You may get a better take on this on the CPQ thread (which I still have to catch up on), but here's my 2c worth.
Prior to the warning, my CPQ model projected $6.29 to $6.49 billion sales for Q1, assuming no truth to the "stuffed channel" rumors, and a guesstimate of around $6.0 billion, if they were true. That gave me EPS of about 0.36 -0.37 for the first case, and about half that for the second. I didn't expect the warning.
Flat sales with Q1 a year ago results in a $800 million to $1 billion sales shortfall, with CPQ's ASP's around $2330/unit, that translates into 340,000 - 430,000 units they will have to unload through incentives etc. With CPQ's 10.5 million units/year in sales, that's about 2 production weeks worth of product they have to move, kind of a speed bump if it's a one time thing (i.e. if they've let their production get 2 weeks ahead of demand), more serious if it's a result of DELL eating away at their market share and it's an ongoing problem.
Now CRN reported that (based on "spot checks" with CPQ's distributors) 200,000 of those units have older basic Pentium and Pentium Pro CPU's, a CPU that DELL stopped selling like last August when Pentium II's became the standard for DELL. With its manufacturing running on a sales forecast model (unlike DELL's 100% BTO), it's not hard for CPQ to get into this kind of bind. Maybe the entire CPQ surplus channel inventory that I estimated is the same old model CPU, I don't know.
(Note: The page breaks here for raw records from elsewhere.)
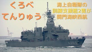 海上自衛隊訓練支援艦くろべ・てんりゅう関門海峡西航 JS KUROBE and JS TENRYU - JMSDF training support vessel - 2023 [4K]
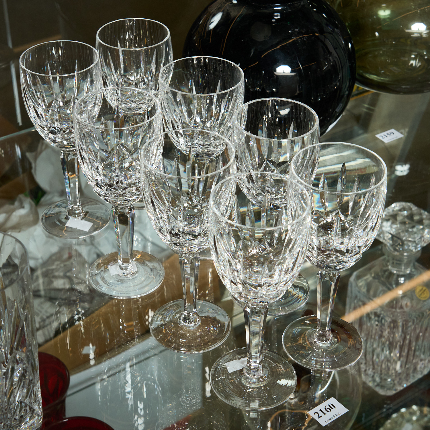 A SET OF EIGHT WATERFORD CRYSTAL KILDARE PATTERN WHITE WINE GLASSES H.16.5CM
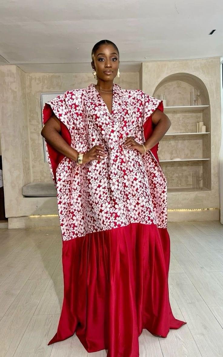 The kaftan overlay showcases a rich red base adorned with white floral prints, finished with wide sleeves and a relaxed, regal drape that flatters all body types. Beneath it, the soft, flowing red maxi skirt adds depth, movement, and drama, creating a beautifully layered silhouette that feels powerful yet effortless.
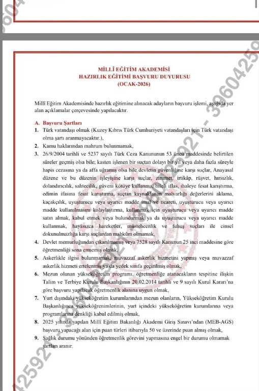 MEB, hazırlık eğitimine başvuracak adayların ilgili alan için 2025 MEB-AGS’den en az 50 puan almış olması gerektiğini bildirdi. Başvuru değerlendirmeleri puan üstünlüğüne göre yapılacak.
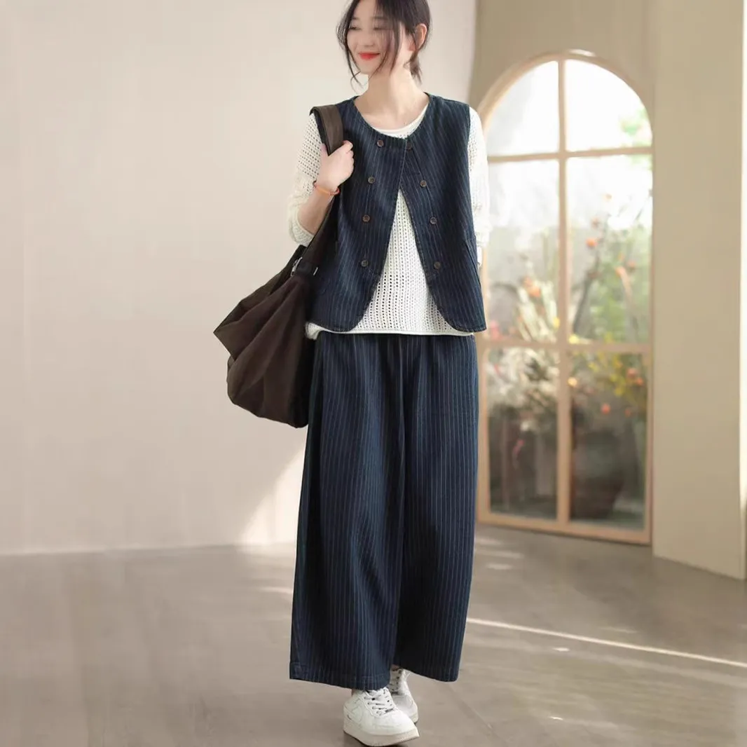 衣都精品- 新款文藝百搭寬鬆大碼條紋鬆緊腰牛仔褲

What does CPQ have to do to unload these machines? IMO, they'll have to drop the price to at least an ASP of $1500 and maybe as low as $1000. As long as it's only a one time action to get the inventory down and balance supply/demand, I don't believe it will affect CPQ for very long, since they're already taking the sales revenue hit in Q1.
Will this affect DELL? Unlikely IMO, since (1) the wide spread availability of low priced CPQ machines in both the retail and business markets hasn't dented DELL's sales one iota, and (2) these appear to be mostly outdated machines CPQ is stuck with.
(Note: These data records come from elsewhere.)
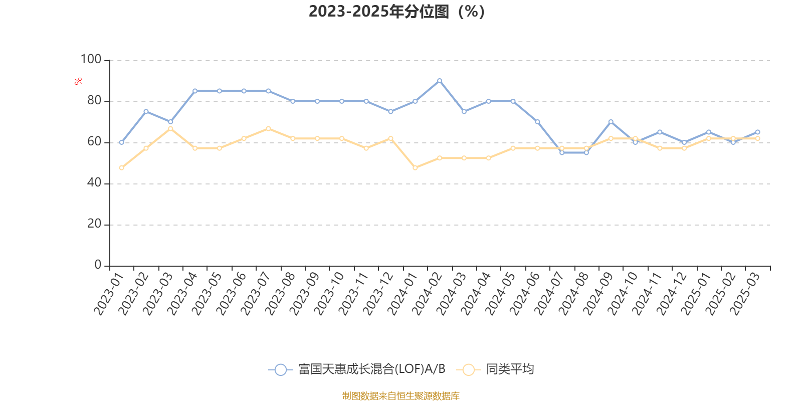 通过所选区间该基金净值增长率分位图,可以观察该基金与同类基金业绩比较情况。图为坐标原点到区间内某时点的净值增长率在同类基金中的分位数。
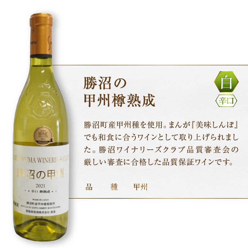 勝沼町産甲州種を使用。まんが『美味しんぼ』でも和食に合うワインとして取り上げられました。勝沼ワイナリーズクラブ品質審査会の厳しい審査に合格した品質保証ワインです。
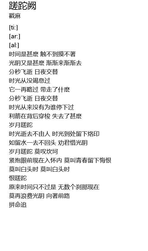 | [03:29.70] | 岁月蹉跎 莫叹坎坷 |
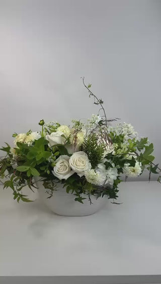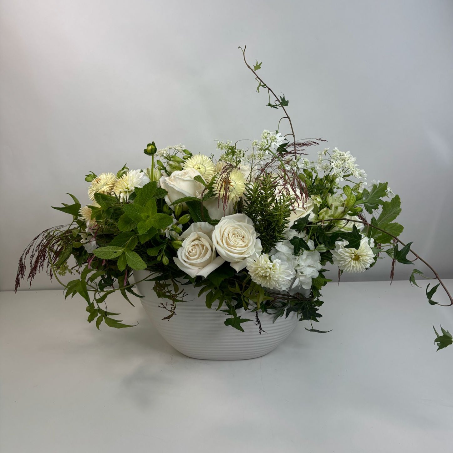 Step into a dream of pure elegance with our Whimsical White Garden Arrangement, lovingly designed by Jenny Barker – The Flower Doctor.
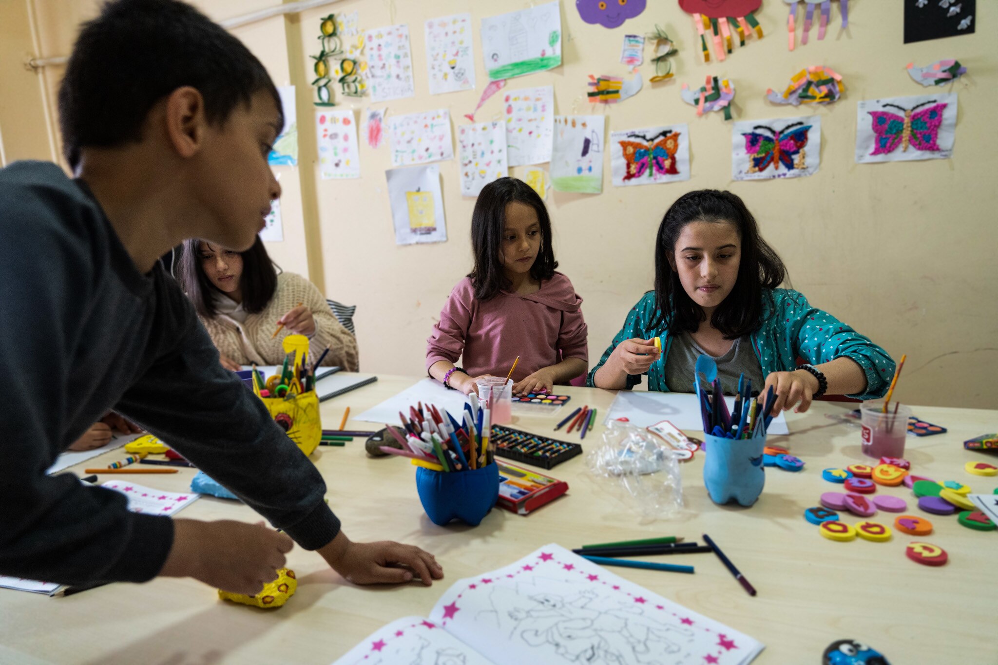 In a small room at the end of a long corridor, a group of seven children sit making colourful artworks under the supervision of two social workers.
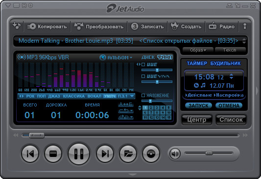 JetAudio — это универсальный проигрыватель музыкальных и видео файлов, риппер, конвертер и т.д., в общем, все в одном комплекте. Программа поддерживает практически все музыкальные форматы, умеет проигрывать MP3, MP2, WAV, MID, REAL AUDIO/VIDEO, S3M, MOD, MPG, AVI, MOV, Video/Audio CD, RealPlayer G2 и некоторые другие форматы мультимедийных файлов. Позволяет записывать аудио компакт-диски или копировать их содержимое на жесткий диск ПК. Есть возможность накладывать на композиции различные эффекты, поддерживается синхронизация для караоке, имеется эквалайзер, конвертер форматов, редактор тэгов, кроссфейдинг, субтитры и т.д.

On the other hand, if CPQ moves aggressively to reduce prices on its present generation machines to increase market share and avoid an ongoing problem, that obviously presents a challenge to DELL. Again IMO, DELL has shown that its BTO manufacturing and absence of distributors will always give it a price advantage in any market it chooses to enter. We've seen this successively in desktops, notebooks, servers, and most recently workstations. So even in this "worse case" scenario for CPQ and the rest of the market, I don't see DELL being significantly affected. If worldwide PC demand is below expectations, you will see DELL trim its pricing to maintain its market share and growth.
Don't forget DELL's principal advantage in the PC marketplace -- with only a 7 day finished goods inventory at any point in time (all firm orders), they can adjust pricing rapidly to maintain their sales on target, whatever that target may be. IMO, that's why they consistently both meet their internal sales/growth targets, and beat analysts estimates.
Sorry for being so long winded -- it's a character fault!